Single Round Match 335 saw a fairly high number of coders face a seemingly innocent -- but tough -- set of problems. In both divisions there were many failed submissions in more than one problem. Luckily, many failures arose during the challenge phase, which was a great deal of fun and resulted in big points for successful challengers.

In division 1, Petr took the lead at the end of the match, despite his resubmission of the medium, thanks to the high score in both the easy and the hard problems and +200 during the challenge phase. nika was second with solid performances on the problems and a n extra +150 due to challenges. kalinov came in third because he "just" got +50 on challenges.

In division 2, three newcomers attained yellow ranking by monopolizing the podium -- although first, second and third all finished within 75 points of each other, there was a margin of more than 150 point between them and the fourth place finisher. Suprisingly, the three top finishers all got the problems and exactly one succesful challenge each. First place was taken by MasterZerg with the fastest submission of the hard. leoveanu_unu came in second and jekica took third.

# The Problems

Palindromize
Used as: Division Two - Level One:
 Value 250 Submission Rate 453 / 570 (79.47%) Success Rate 371 / 453 (81.90%) High Score sidag011235 for 249.11 points (1 mins 42 secs) Average Score 185.65 (for 371 correct submissions)
This problem was a little tougher than the usual Division 2 easy problem, but the examples were very useful in helping to solve it. To start off, you have the string s and assume that the best answer adds exactly k characters. Those k characters have to be the first k characters of s reversed because, after adding them, we need it to become a palindrome. We can try every possible k until we find a palindrome. For an implementation on this idea see leoveanu_unu's code.

Since this means the last size(s)-k characters of s must form a palindrome, it was also possible to find for the largest such palindrome (a postfix of s) and then complete it properly.

Multifactorial
Used as: Division Two - Level Two:
 Value 500 Submission Rate 392 / 570 (68.77%) Success Rate 87 / 392 (22.19%) High Score jekica for 492.71 points (3 mins 28 secs) Average Score 354.88 (for 87 correct submissions)
Used as: Division One - Level One:
 Value 250 Submission Rate 480 / 487 (98.56%) Success Rate 288 / 480 (60.00%) High Score Petr for 248.99 points (1 mins 49 secs) Average Score 215.79 (for 288 correct submissions)
This problem was about having a safe way to detect overflow in multiplication -- no matter what the input was, the overflow or the result would appear with at most 20 factors multiplied, so runtime was no issue. Since the limit was close to the upper bound of a 64 bit integer, the detection method had to be a little trickier than a simple greater than comparison.

The selection of the method is a matter of personal choice, but my opinion is that the best approach is to multiply and then check if the result is correct with a division and a modulus comparison. Since division and modulus never overflow, this check is completely safe. Another way of looking at this is to see if the maximum possible value divided by one of the factors is less than the other factor. Both approaches are equally safe and are fairly similar. To see the code for this, check out the implementation Petr that was used to get the fastest submission.

It was also safe to use large integer arithmetic. This was especially useful for Java coders. For an example of this see jekica's code.

Using floating point allows a greater upper bound than integers, but it's tricky because of the loss of precision. Suprisingly, 80 bit floating points have enough precision to solve the problem, according to wefgef's solution.

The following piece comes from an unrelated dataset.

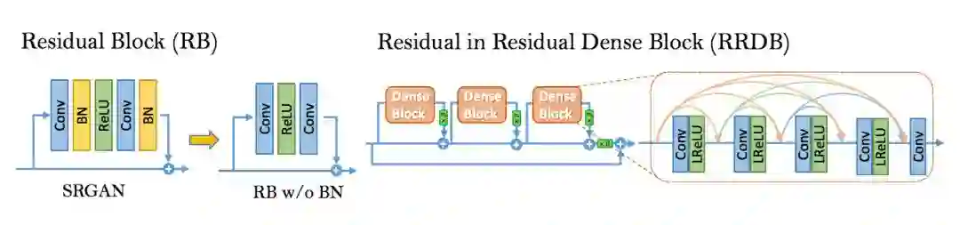 1. 网络的基本单元从基本的残差单元变为 Residual-in-Residual Dense Block (RRDB);

In a language without long doubles, you could use a mix of integer calculation for the cases without overflow or with overflow by a little margin and a regular double to detect larger margin overflows, as kalinov did.

MinimumVariancePartition
Used as: Division Two - Level Three:
 Value 1000 Submission Rate 68 / 570 (11.93%) Success Rate 32 / 68 (47.06%) High Score MasterZerg for 787.65 points (15 mins 39 secs) Average Score 581.91 (for 32 correct submissions)
This problem had one important first step after which, if you had enough experience with DP, it was pretty straightforward. Many coders realized, without the need of a formal proof, that it was always optimal to sort the sequence and then cut that it into pieces instead of taking subsets. I won't give a formal proof here, but you can try doing it by taking an optimal solution that couldn't come from cutting the sorted sequence and take it to one that could with little steps that never increase the sum of variances.

Once you grasped this idea, the problem is pretty classical: Among all the ways of cutting this, take the one that minimizes a certain function (in this case, the sum of variances). Formally, we have a function f(i,k) that represent the least sum of variances that can be obtained from the sequence that starts at index i, splitting it into k or less pieces (since it's always better or equal to use more pieces, there is no need to worry about making it exactly k, though it was pretty simple to do so). So, if A is the sorted array of mixed samples:
• f(i,k) = 0 if i >= length of A
• f(i,k) = infinite if k <= 0 and i < length of A
• f(i,k) = min{ f(j,k-1)+var(i,j) | i < j <= n }
where var is the function that calculates the variance of the partition that starts at index i and ends at index j-1, inclusive. From the above formal definition to a memoized implementation is just a little step.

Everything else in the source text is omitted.